-1

I am trying to use the aov() function inside a function but R keeps giving me the same error.

Code:

dat$X1 = rep(c("a", "b"), 2)
dat$X2 = c(1,2,3,4)

f = function (x){
  aov(x ~ X1 , data = dat)
}
f('X2')

This gives me the following error:

Error in model.frame.default(formula = x ~ X1, data = dat, drop.unused.levels = TRUE) : 
variable lengths differ (found for 'X1')

The aov() works when I try to replace 'x' with the actual name of the variable (X2) so it doesn't make sense that the variable lengths would differ.

I have looked for this error everywhere but so far I haven't had luck finding the same error anywhere else.

I'm pretty sure that I am overlooking something very obvious but I've been stuck with this for a while.

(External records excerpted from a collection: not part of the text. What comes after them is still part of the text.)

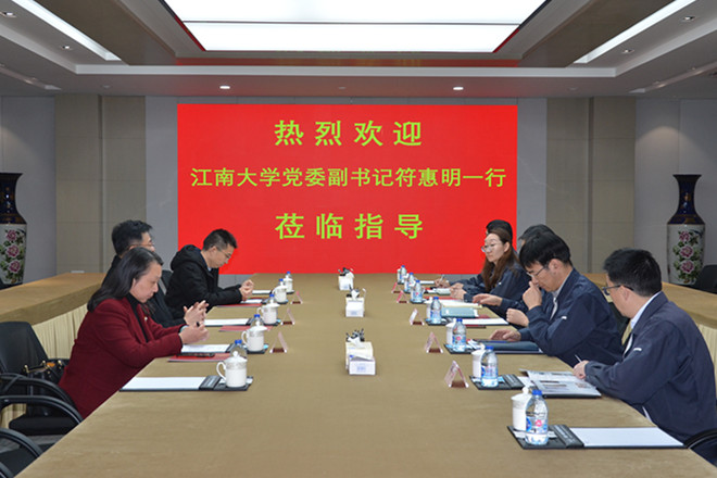12月3日, dafacasino网页版副书记符惠明、社会资源处处长黄敏、纺织科学与工程学院党委书记张菁一行,前往无锡一棉纺织集团走访交流,并看望在一棉集团工作的校友。
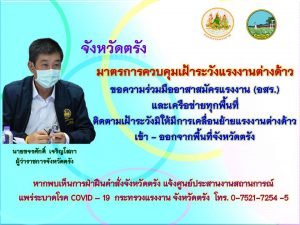 ผู้ว่าราชการจังหวัดตรังขอความร่วมมืออาสาสมัครแรงงาน (อสร.) และเครือข่ายทุกพื้นที่ ติดตามเฝ้าระวังมิให้มีการเคลื่อนย้ายแรงงานต่างด้าว เข้า – ออกจากพื้นที่จังหวัดตรัง
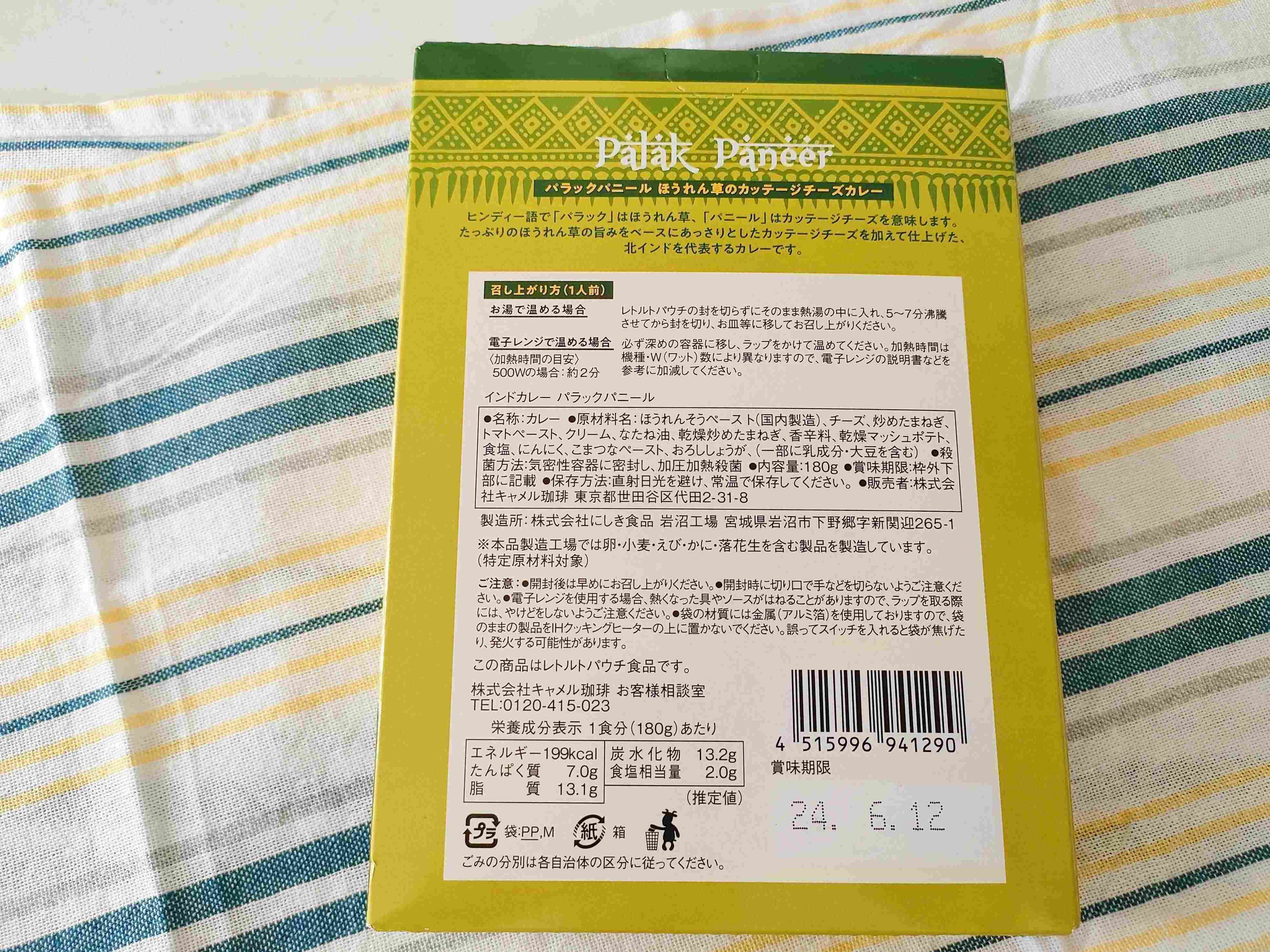 商品名:インドカレー パラックパニール
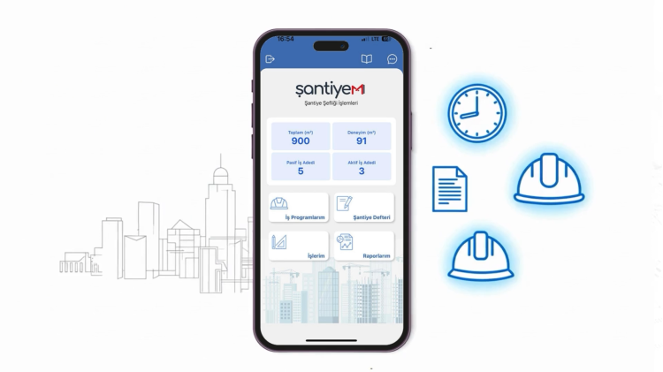 Çevre, Şehircilik ve İklim Değişikliği Bakanlığı’na bağlı Mesleki Hizmetler Genel Müdürlüğü tarafından hazırlanan Şantiye-M uygulamasıyla, şantiyelerde tutulan geleneksel şantiye defterleri dijital ortama taşındı. Şantiye şefleri, işin hangi bölümlerinde çalışıldığını, ilerleyişini, günlük faaliyet raporlarını, personel ve ekipman durumlarını mobil uygulama üzerinden kayıt altına alınmaya başlandı. Böylece şantiye şeflerinin üstlendikleri işler anlık olarak takip edilebiliyor.

Looking forward to reading your advise. Thanks.

mvel
  • 1
  • 1
  • f('X2') refers to a character value of "X2" not the variable dat$X2. But your code gives more errors than that. You need to use `dat <- data.frame(X1=rep(c("a", "b"), 2), X2=1:4)`. You cannot assign columns to a data frame that does not exist. You will have to pass the variable `X2` with its full name, `f(dat$X2)` since the function `f()` does not know where it is otherwise in order to pass it to `aov()`. Or use the cumbersome `with(dat, f(X2))`. – dcarlson Jul 21 '22 at 03:17
  • Sorry, I didn't include the line where I initialized the data frame. Using `f(dat$X2)` does work though. Thanks! – mvel Jul 21 '22 at 18:38

3 Answers3

0

If you want to use function, and aov inside it, you may try

dat <- data.frame(X1 = rep(c("a", "b"), 2), X2 = c(1,2,3,4))
f = function (x){
  ff <-as.formula(paste0(x, "~ X1")) 
  aov(ff , data = dat)
}
f('X2')

Call:
   aov(formula = ff, data = dat)

Terms:
                X1 Residuals
Sum of Squares   1         4
Deg. of Freedom  1         2

Residual standard error: 1.414214
Estimated effects may be unbalanced
Park
  • 14,771
  • 6
  • 10
  • 29
0

I advice against defining a function the way you do. Your function has two key flaws: (1) It depends on a global variable (never good). (2) You don't check whether any of the variables (one being hard-coded, the other being a user input, which is awkward in itself) in your formula exist in your (global) data.frame.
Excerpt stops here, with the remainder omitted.